- **Exercise data**:
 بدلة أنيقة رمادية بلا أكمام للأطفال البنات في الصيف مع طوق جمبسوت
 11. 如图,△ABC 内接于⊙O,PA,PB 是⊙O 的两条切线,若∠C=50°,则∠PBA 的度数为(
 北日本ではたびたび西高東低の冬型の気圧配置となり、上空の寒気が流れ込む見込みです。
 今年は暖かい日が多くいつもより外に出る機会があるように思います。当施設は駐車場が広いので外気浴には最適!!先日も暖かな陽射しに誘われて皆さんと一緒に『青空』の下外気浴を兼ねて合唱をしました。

* * *

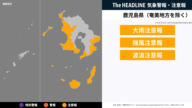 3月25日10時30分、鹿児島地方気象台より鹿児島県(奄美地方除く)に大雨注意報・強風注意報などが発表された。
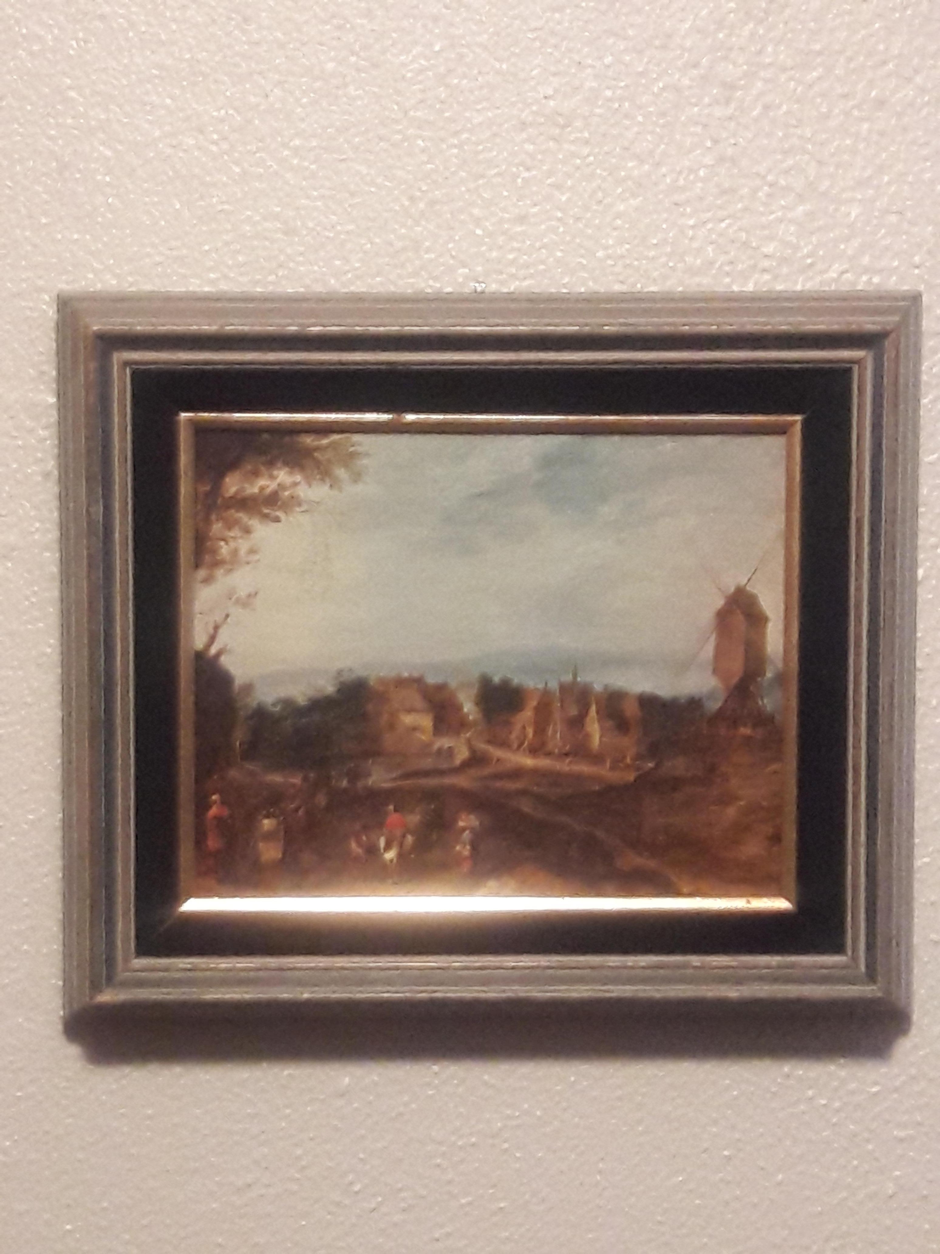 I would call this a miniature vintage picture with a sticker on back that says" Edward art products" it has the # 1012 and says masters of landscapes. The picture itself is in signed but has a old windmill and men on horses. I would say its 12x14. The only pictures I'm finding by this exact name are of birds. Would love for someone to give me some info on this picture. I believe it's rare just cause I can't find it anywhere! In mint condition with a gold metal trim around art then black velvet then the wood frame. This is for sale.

- **Exercise details**:
Quote the data above from the line containing "بدلة أنيقة رمادية" to the line containing "今年は暖かい日が多くいつもよ", inclusive, and stop.

- **Written answer**:
 بدلة أنيقة رمادية بلا أكمام للأطفال البنات في الصيف مع طوق جمبسوت
 11. 如图,△ABC 内接于⊙O,PA,PB 是⊙O 的两条切线,若∠C=50°,则∠PBA 的度数为(
 北日本ではたびたび西高東低の冬型の気圧配置となり、上空の寒気が流れ込む見込みです。
 今年は暖かい日が多くいつもより外に出る機会があるように思います。当施設は駐車場が広いので外気浴には最適!!先日も暖かな陽射しに誘われて皆さんと一緒に『青空』の下外気浴を兼ねて合唱をしました。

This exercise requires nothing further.